World Bank forecasts robust growth for Africa

Accra, June 7, GNA - The World Bank is forecasting an average growth rate of 6.5 percent in countries in sub-Saharan Africa over the next three years, thanks to recovery in exports, investments flows and high domestic demand.

Presenting the findings of its June 2011 edition of Global Economic Prospects, Allen Dennis, Senior Economist, at the World Bank said the bank expected the growth to be influenced largely by external and domestic factors.

Such factors that would largely lead growth on the continent include the rebound in global commodity prices, the increasing influence and contribution of the services sectors such as telecommunication and retail. Besides, the recognition of investors of investment opportunities on the continent coupled with big leaps in domestic demand were the other factors.

Mr Dennis said the continent had seen a robust consumer demand in 2010 supported by increased farmer incomes and access to consumer credit as well as growth from the extractive sectors.

He said in the medium-term, growth would remain strong, helped by increasing business confidence in the region.

On Ghana, the report sees oil exports boosting real GDP growth to 13.4 percent this year and expected the nascent oil industry to lead the growth over the medium term.

In addition, further investments in the mining sectors, increased cocoa production and confidence in the services sectors such as construction and telecommunications are expected to push the country's growth.

However, increased macro-economic stability remained a downside risk.

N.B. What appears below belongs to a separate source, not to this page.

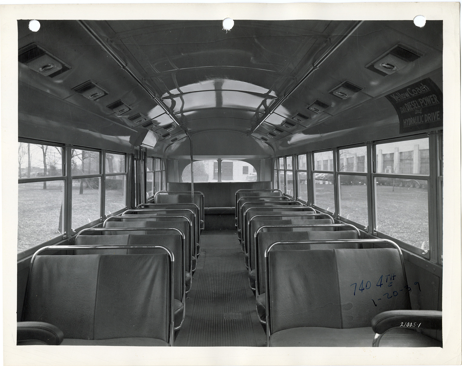 Favorite this☆ Interior, Yellow Truck and Coach bus, Model 740 Description: Interior view of a Yellow Truck and Coach bus, Model 740, showing seats. Handwritten on front: "740, 4th, 1-20-39." Handwritten on back: "Yellow Truck & Coach. Model 740." Details Resource ID: na049544 Subject: Buses--Interiors Buses--Seats Yellow Truck and Coach Manufacturing Company General Motors Truck Company Photographic prints Date Issued: 1939-01-20 Format: 1 photographic print ; 8 x 10 in. Member of: National Automotive History Collection Filing Location: MS121/VanDegrift, Thomas, 18:2 Rights: Physical rights are retained by DPL. Copyright is retained in accordance with U.S. copyright laws.

Mr Dennis said persistent increases in food prices could impact negatively on growth especially in net food importing in sub-Saharan African countries, adding to poverty, malnutrition and general riots.

There is also the issue of unpredictability in international commodity prices, especially the price of crude oil, which spike could affect export receipts and create fiscal imbalances with non-oil producing economies bearing much of the brunt.

Mr Andrews Burns, Manager of Global Macroeconomics and lead author of the report, said developing countries needed to focus on tackling country-specific challenges such as achieving balanced growth through structural reforms, coping with inflationary pressures, and dealing with high commodity prices.

In contrast, prospects for high-income countries and many of Europe's developing countries remain clouded by crisis-related problems such as high unemployment, household and banking-sector budget consolidation, and concerns over fiscal sustainability among other factors.

The World Bank projects indicated that as developing countries reached full capacity, growth would slow from 7.3 percent in 2010 to around 6.3 percent each year from 2011-2013.

High-income countries will see growth slow from 2.7 percent in 2010 to 2.2 percent in 2011 before picking up to 2.7 percent and 2.6 percent in 2012 and 2013 respectively.